::: Data

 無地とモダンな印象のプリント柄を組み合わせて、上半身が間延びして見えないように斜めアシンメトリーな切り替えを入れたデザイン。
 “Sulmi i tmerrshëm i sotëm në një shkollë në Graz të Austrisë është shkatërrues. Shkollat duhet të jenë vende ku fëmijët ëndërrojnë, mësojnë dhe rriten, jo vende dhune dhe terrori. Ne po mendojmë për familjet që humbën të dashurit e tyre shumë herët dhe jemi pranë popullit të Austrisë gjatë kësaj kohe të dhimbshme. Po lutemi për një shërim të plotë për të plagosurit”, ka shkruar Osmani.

::::::
::: Data

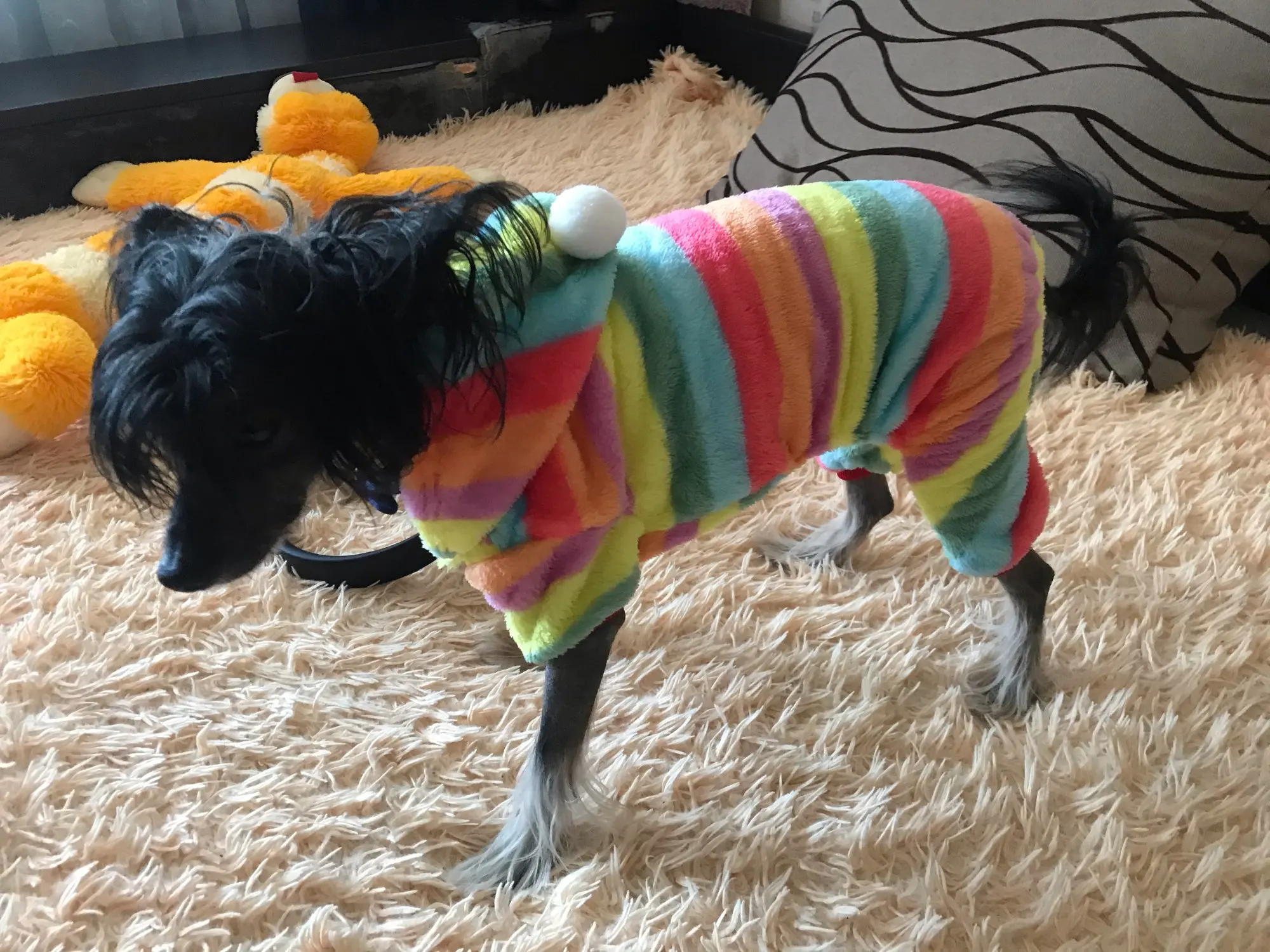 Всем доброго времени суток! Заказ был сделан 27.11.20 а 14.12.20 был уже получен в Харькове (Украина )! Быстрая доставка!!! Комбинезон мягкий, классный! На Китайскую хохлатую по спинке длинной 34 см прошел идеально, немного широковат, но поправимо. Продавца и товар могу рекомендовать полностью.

::::::

### Exercise details
Above are records; repeat only the lines starting at the line with "無地とモダンな印象のプリント" and ending at the line with "ka shkruar Osmani.", exactly as they appear, both included.

### Solution to this task
 無地とモダンな印象のプリント柄を組み合わせて、上半身が間延びして見えないように斜めアシンメトリーな切り替えを入れたデザイン。
 “Sulmi i tmerrshëm i sotëm në një shkollë në Graz të Austrisë është shkatërrues. Shkollat duhet të jenë vende ku fëmijët ëndërrojnë, mësojnë dhe rriten, jo vende dhune dhe terrori. Ne po mendojmë për familjet që humbën të dashurit e tyre shumë herët dhe jemi pranë popullit të Austrisë gjatë kësaj kohe të dhimbshme. Po lutemi për një shërim të plotë për të plagosurit”, ka shkruar Osmani.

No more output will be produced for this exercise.